Standard Operating Procedure: Dissolution Test Apparatus Operation

This Standard Operating Procedure (SOP) outlines the mandatory protocols for the operation, calibration, and maintenance of the Dissolution Test Apparatus. Adherence to these guidelines ensures compliance with USP <711> and <724> standards, guaranteeing the accuracy, reproducibility, and integrity of pharmaceutical dissolution testing. This procedure applies to all laboratory personnel authorized to operate dissolution testing equipment within the quality control department.

1. Pre-Operational Preparation and Setup

• Verify that the apparatus is clean, free of debris, and that the water bath is filled to the required level with deionized water.
• Check the mechanical calibration status (e.g., vibration levels, vessel centering, and rotational speed accuracy) to ensure it is within the current validity period.
• Ensure the dissolution medium has been prepared according to the specific monograph, degassed (if required), and pre-warmed to 37°C ± 0.5°C.
• Inspect all paddles, baskets, and vessels for physical defects, cracks, or signs of wear.
• Verify that the shafts are vertically aligned and that the distance between the bottom of the paddle/basket and the inside bottom of the vessel is 25 mm ± 2 mm.

2. Execution of Dissolution Test

• Add the specified volume of the dissolution medium into each vessel.
• Allow the medium to equilibrate to the target temperature (37°C) before initiating the test.
• Place the dosage form into the medium at the exact start time, ensuring no air bubbles are trapped on the surface of the dosage form.
• Activate the apparatus motor and monitor the rotational speed to ensure it matches the monograph requirements.
• Record the start time and the specific interval timestamps for sample withdrawal.
• Withdraw samples at the predetermined intervals, ensuring the sample probe is placed at the specified zone (midway between the surface of the dissolution medium and the top of the rotating blade/basket, not less than 1 cm from the vessel wall).
• Replace the volume of the medium withdrawn with an equal volume of fresh, pre-warmed medium to maintain sink conditions.

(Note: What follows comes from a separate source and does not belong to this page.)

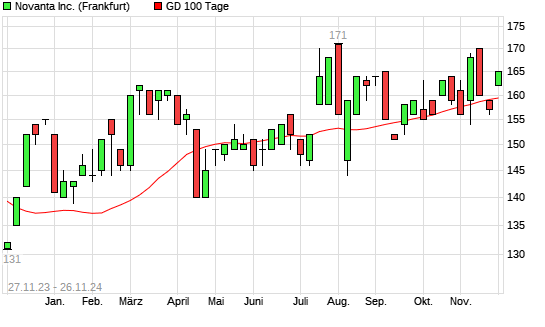 Mit dem Anstieg auf 162,00 EUR hat die Novanta-Aktie am 25.11.2024 die 100-Tage-Linie nach oben gekreuzt.

3. Post-Test and Maintenance

• Upon completion, stop the apparatus and carefully remove the paddles/baskets.
• Drain the vessels and clean them thoroughly using a validated cleaning procedure (typically mild detergent followed by deionized water rinsing).
• Rinse the shafts and baskets with deionized water and wipe dry with a lint-free cloth.
• Power down the system and ensure the water bath is covered to prevent evaporation.
• Log the run data, including any observations regarding the dosage form (e.g., floating, sticking, or incomplete disintegration).

Pro Tips & Pitfalls

• Pitfall - Incomplete Degassing: Dissolved gases in the medium can form bubbles on the dosage form or the paddle, significantly altering the surface area and dissolution rate. Always ensure the medium is properly degassed.
• Pro Tip - Temperature Monitoring: Use an independent, calibrated digital thermometer to verify the water bath temperature. Never rely solely on the instrument's integrated display for critical audits.
• Pitfall - Cross-Contamination: Failing to thoroughly clean the sampling probes or cannula between runs is a leading cause of OOS (Out of Specification) results. Use a dedicated cleaning validation protocol for all fluid-path components.
• Pro Tip - Vibration Control: Place the apparatus on a vibration-dampening surface. Excessive external mechanical vibration can interfere with the dissolution kinetics of sensitive formulations.

Frequently Asked Questions (FAQ)

Q: How often should the apparatus be mechanically calibrated? A: Typically, performance verification must be conducted every 6 months or after any significant maintenance or relocation of the equipment, in accordance with your internal Quality Management System and USP requirements.

Q: What should I do if a vessel crack is discovered during testing? A: Immediately stop the test, invalidate the run, document the finding in the laboratory logbook, and notify the Quality Assurance department. The affected vessel must be replaced and the equipment re-calibrated before further use.

Q: Why is the "25 mm height" so critical? A: The height of the paddle/basket from the vessel floor dictates the hydrodynamic environment. Even a deviation of 3-5 mm can significantly alter the stirring intensity and turbulence, leading to non-reproducible dissolution profiles.